Tuesday 6 July 2010

MARATHON FEAT

 

As I write, I’ve just completed the marathon. It took the best part of

five hours and I have nothing but admiration for those who habitually push

themselves through the pain barrier, often to raise money for good causes. I saw a side of London that I hadn’t previously known existed: a positive, supportive collective in the face of adversity, all pushing in the same direction for good. But it wasn’t just the seething mass of diversely attired runners who found themselves caught up in a marathon this spring: it was also the multitudes of unsuspecting travellers who fell foul of the now notorious ash cloud, as a bankrupted, vilified Iceland finally got its own back on

the world.

 

Call me irresponsible, but I loved it. For one glorious April week, with no planes flying over Richmond and surrounds, the din of the 21st Century gave way to sweet peace and quiet.

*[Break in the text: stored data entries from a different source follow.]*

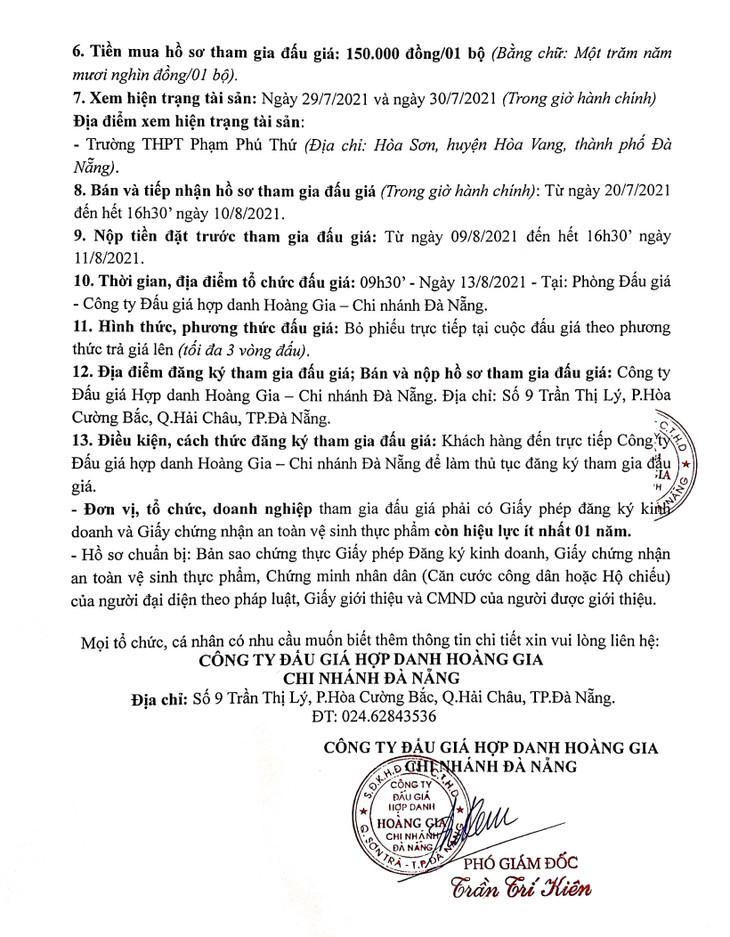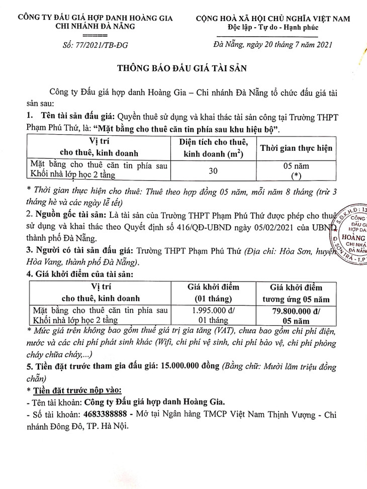 Quyền thuê sử dụng và khai thác tài sản công tại Trường THPT Phạm Phú Thứ: “Mặt bằng cho thuê căn tin phía sau khối nhà lớp học 2 tầng”.
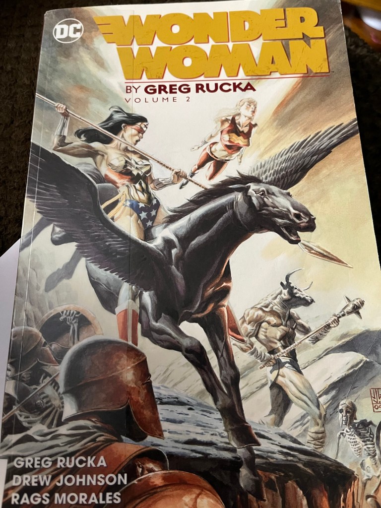 At least Greg Rucka doesn’t disappoint. I have several of another Wonder Woman series he did and it’s one of my favorites. He gets it. The art is amazing too. Between the story and the drawings, I lost myself in these two volumes for a couple days. I love the Minotaur.
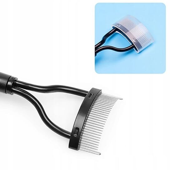 Прибор прекрасно разделяет приклеенные тушью ресницы с металлическими зубцами, расположенными по дуге. Гребень для ресниц изготовлен из качественного пластика и металла, благодаря продуманной конструкции прибор идеально подходит для расчесывания ресниц или бровей.
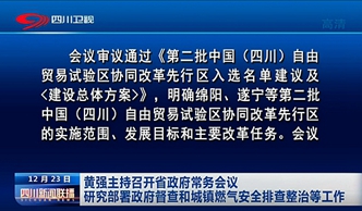 12月23日,省委副书记、省长黄强主持召开省政府第93次常务会议,研究部署自贸试验区协同改革先行区建设、政府督查、城镇燃气安全排查整治等工作。
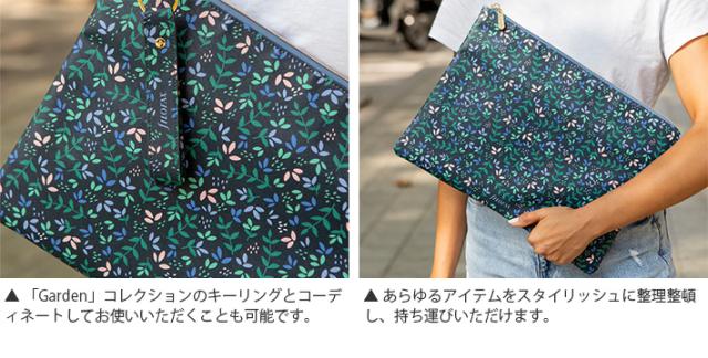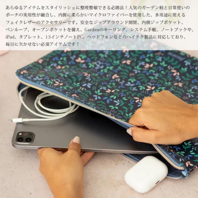 あらゆるアイテムをスタイリッシュに整理整頓できる必需品!人気のガーデン柄と日常使いのポーチの実用性が融合し、内側に柔らかいマイクロファイバーを使用した、多用途に使えるフェイクレザーのアクセサリーです。安全なジップアラウンド開閉、内側ジップポケット、ペンループ、オープンポケットを備え、Gardenのキーリング、システム手帳、ノートブックや、iPad、タブレット、13インチノートPC、ヘッドフォンなどのハイテク製品に対応しており、毎日に欠かせない必須アイテムです!

The chance to hear oneself think, to be woken up by the heady sound of birdsong – rather than the Boeing 747 from Toronto – was a wonder beyond compare. For a short while each morning the silence was deafening, until the daily gaggle of bare-chested builders

descended upon our street to resume its reconstruction of the world.  Yes there were the trains and cars but somehow it seemed natural and right to have nothing hovering overhead for the first time in I don’t know how many years.  

 

Nor was this crisis of the air lanes without its comic side. I couldn’t help but

smile at the idea of the British Airways boss going up in a ‘tester’ plane to see if it was safe to fly. If it had crashed, presumably, we would all have rested in

peace – some of us for eternity. It didn’t, of course, and on the seventh day the aviatorial powers – prompted, perhaps, by the horror of losing millions of pounds –decreed that we were dealing, after all, with the right sort of volcanic ash. Normal service was duly restored. By then, however, we had succeeded in creating a drama out of a crisis. In the absence of real mountains, we Brits are generally forced to make our own out of molehills. Yet here was a deluxe kind of mountain that obligingly exploded before our eyes. It was one of those surreal tales generally confined to the pages of an improbable thriller. Only this time it was for real.

 

But the story wasn’t the ash cloud itself: it was the variety of ways – ranging from the lacklustre to the positively intrepid –in which those stranded overseas decided to make their way home. Some saw no reason to rush and decided to stay put in paradise. An extra week in San Francisco or the Maldives, or a routine week commuting on the tube? You choose. TV crews trawling the beauty spots of the world had a hard time finding Mr Angry, as the great shutdown became the perfect excuse for indolence underpinned by a

stoical rationale. The British, true to form, were the most indolent of all. As one traveller smugly put it: “We are all pawns of nature.”

 

Others ordered taxis – celebs and self- important business people, mainly, who forgot the truism that no one, but no one, is unexpendable, and who felt that a few grand spent on getting home was worth it for the sake of the few more they would lose if they didn’t make some sort of effort.

 

Then there were those who took whatever planes were flying to get as near home as they could, progressing from Cyprus to Rome to Prague as though travelling to Waterloo from Liverpool Street via Bank. Others again hitched lifts up the motorway through Spain and France on the kind of articulated lorry normally scowled upon by British drivers, or even hired a car for themselves. This, however, proved distinctly uneconomic: I know of one man who paid £3,000 for the pleasure of being driven back home. But at least it

was safer than hiring a glider, as another of my acquaintances tried to do.

 

And then, of course, there were the folk who hitched a lift with Celebrity Cruises, sailing back from Bilbao in northern Spain on the new luxury liner Celebrity Eclipse. The vessel will now be forever known as the ‘rescue’ ship – which, as epitaphs go, is one up on that of Titanic. Curiously, the

launch of the ship – celebrations for which were put on hold during the unscheduled mission of mercy – had received scant coverage until the volcano spluttered in ire.

 

Everyone, it seems, was summoned to the rescue of our countrymen abroad. A friend of mine at the Press Association was inundated with calls and emails beseeching him to organise boats and trains for the collection of the stranded masses. He’s a travel editor, by the way. That means that he doesn’t actually do anything – he simply writes about those who do. But finally we sent in the Navy – or Mr Brown did, no doubt enjoying the last vestiges of power as he sailed into a sunset of his own – and soon everyone was safely back home, noses to the grindstone and grumpy with it. I should know, because the day after ‘normal’ life resumed, and the planes began drowning out the thrushes

once more, I met an obnoxious banker – ill fitting suit and lazy left eye - on the tube who chided me for not telling my son to give him his seat. In truth, the guy didn’t look old enough to warrant it – he just looked tanned and smug and annoyed there was no business class on the tube.   Such a shame he wasn’t one of the stranded souls who stayed put.